Namun kemudian pertumbuhan sastra di Yunani kuno mengubah arsip pribadi menjadi tempat belajar, dan bahkan tempat rekreasi. Namun hubungan antara perpustakaan dan kekuasaan tidak pernah hilang. Untuk sebagian besar sejarah manusia, mengumpulkan buku dalam jumlah besar adalah hak istimewa para elit, anggota masyarakat terkaya atau institusi kuat seperti biara.
Karena perpustakaan mencerminkan nilai-nilai elit yang ada, perubahan selera intelektual atau pergolakan politik dapat membahayakan mereka. Semua perpustakaan besar Kekaisaran Romawi, banyak yang didirikan untuk merayakan pencapaian kaisar atau jenderal yang menang, lenyap saat Roma jatuh. Sebagian besar gulungan papirus dari perpustakaan ini hilang, tetapi beberapa disimpan oleh biarawan Kristen yang menyalinnya dengan tangan ke perkamen.
Selama sebagian besar milenium antara tahun 400 dan 1400 M, biara-biara Kristen sangat dihormati sebagai pusat doa dan pembelajaran, paling tidak karena peran penting yang dimainkan oleh para biarawan dalam menyalin dan melestarikan buku.

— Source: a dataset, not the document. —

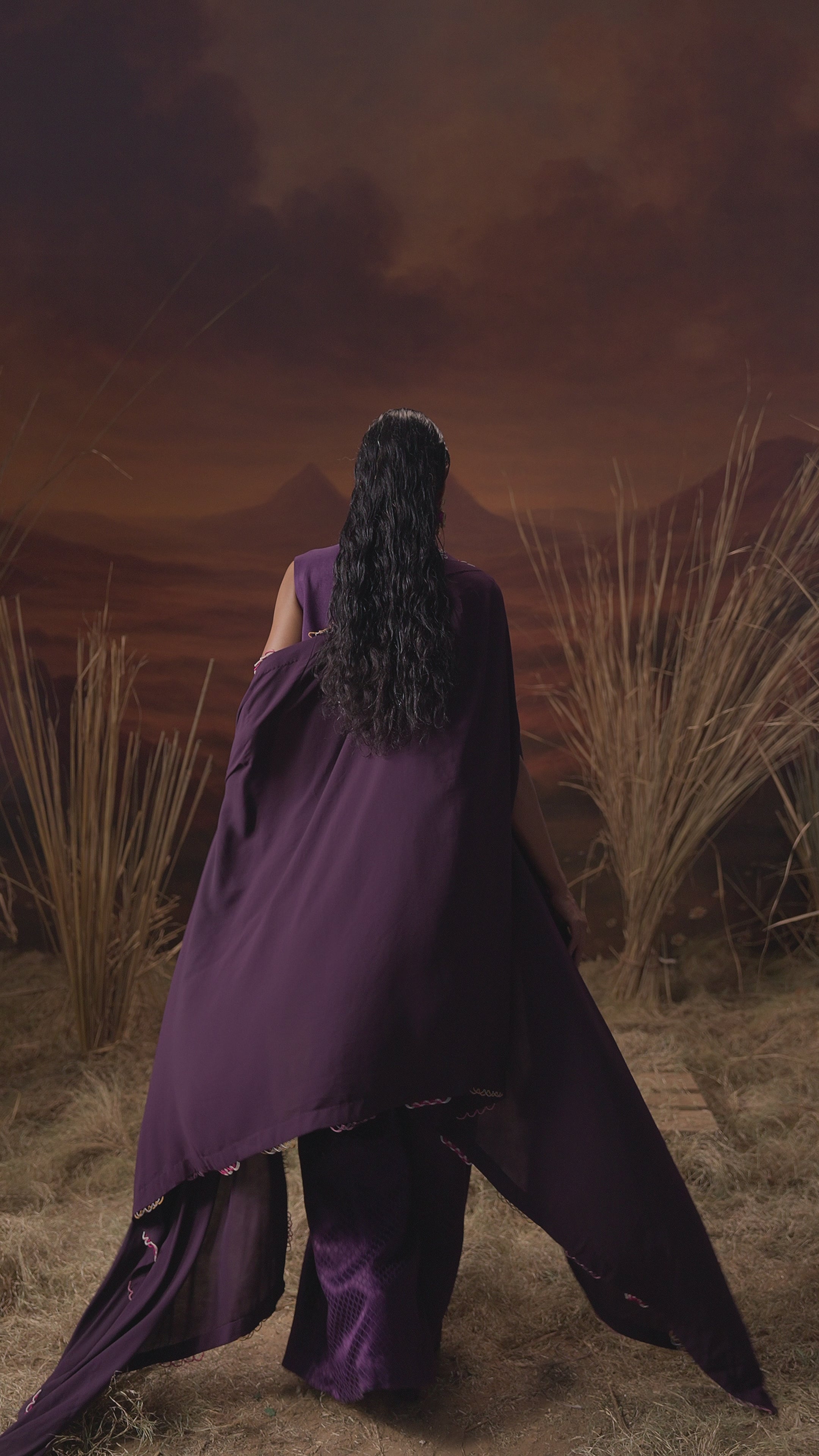 Dark Purple Embellished Organic Cotton Palazzo Set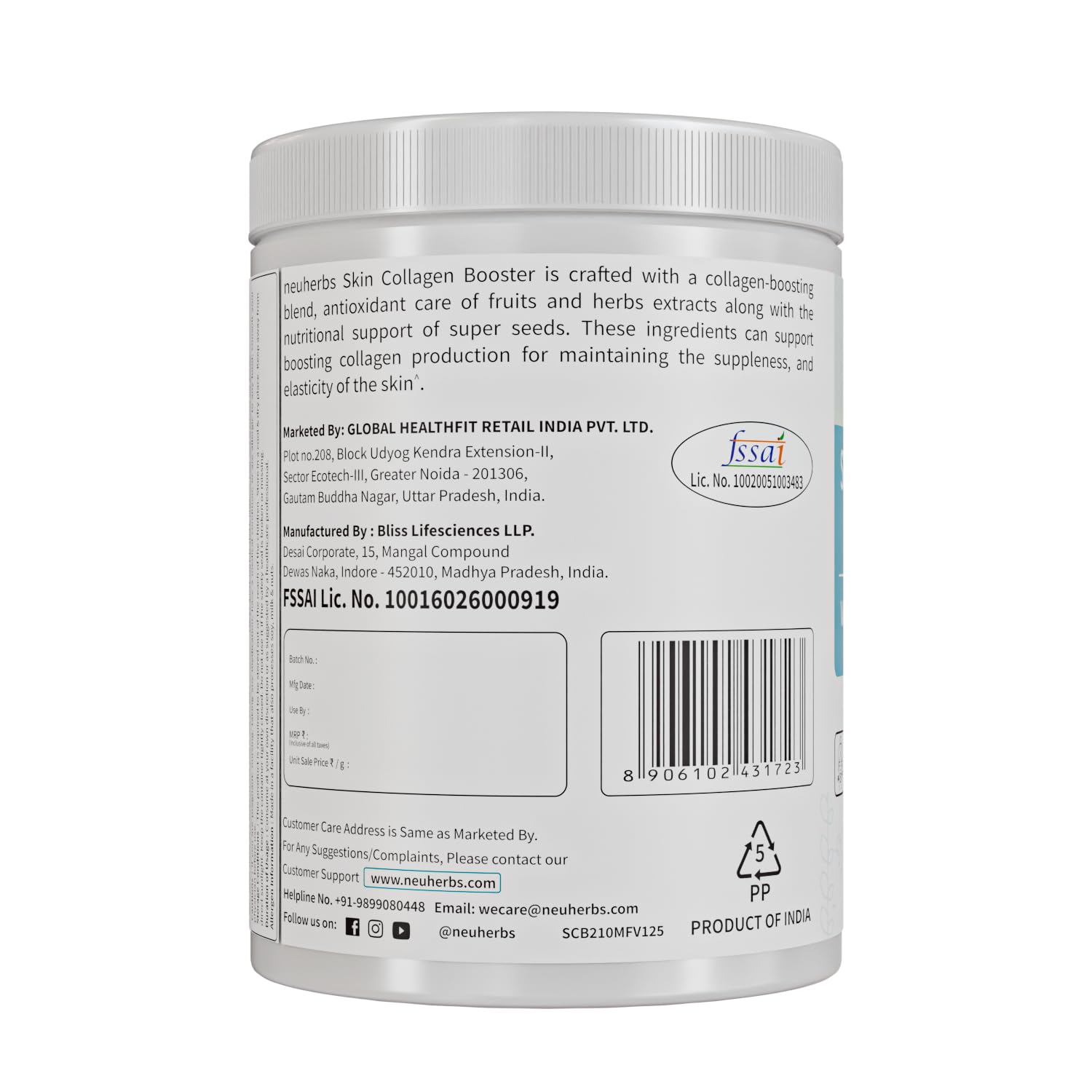 Generic Name : Neuherbs Plant-Based Skin collagen Booster with Hyaluronic acid, Vitamin-C, Ellagic Acid, Carotenoids, Silica & Super Seeds Blend for Anti-aging & Skin repair -210g (Natural Mixed fruit flavor)

Ini berubah selama Renaisans pada abad ke-14 dan ke-15 — sebuah gerakan intelektual yang berusaha mengubah masyarakat dengan kembali ke nilai-nilai klasik Kekaisaran Romawi — ketika para pemburu buku Italia meneror perpustakaan biara dengan mencuri manuskrip Romawi dan Yunani mereka.
Mereka membenci para biarawan karena begitu sedikit menggunakan penulis klasik favorit mereka, yang ingin dikembalikan oleh para pemburu buku Renaisans ke kejayaan sebelumnya di pengadilan dan universitas Italia. Banyak perpustakaan monastik besar, yang sekarang sebagian besar berisi buku-buku Kristen, menjadi kurang populer karena tidak mencerminkan nilai-nilai Renaisans baru atau proyek modernitas.
Ketika para modernisasi Renaisans mendirikan koleksi buku mereka sendiri yang indah, mereka meninggalkan perpustakaan yang terbengkalai ini, yang sekarang diambil alih dan semakin tidak relevan, di belakang mereka.
Pergolakan agama juga merupakan kekuatan yang mengganggu perpustakaan. Reformasi Protestan Martin Luther mengakibatkan penghancuran dan penyebaran ratusan perpustakaan di seluruh Eropa Utara pada abad ke-16 dan ke-17, karena perpustakaan gereja dan akademis dibersihkan dari karya-karya Katolik. Perpustakaan Universitas Oxford digeledah seluruhnya, meninggalkan universitas untuk menjual perabotannya, karena tidak ada lagi buku yang tersisa di dalam gedung.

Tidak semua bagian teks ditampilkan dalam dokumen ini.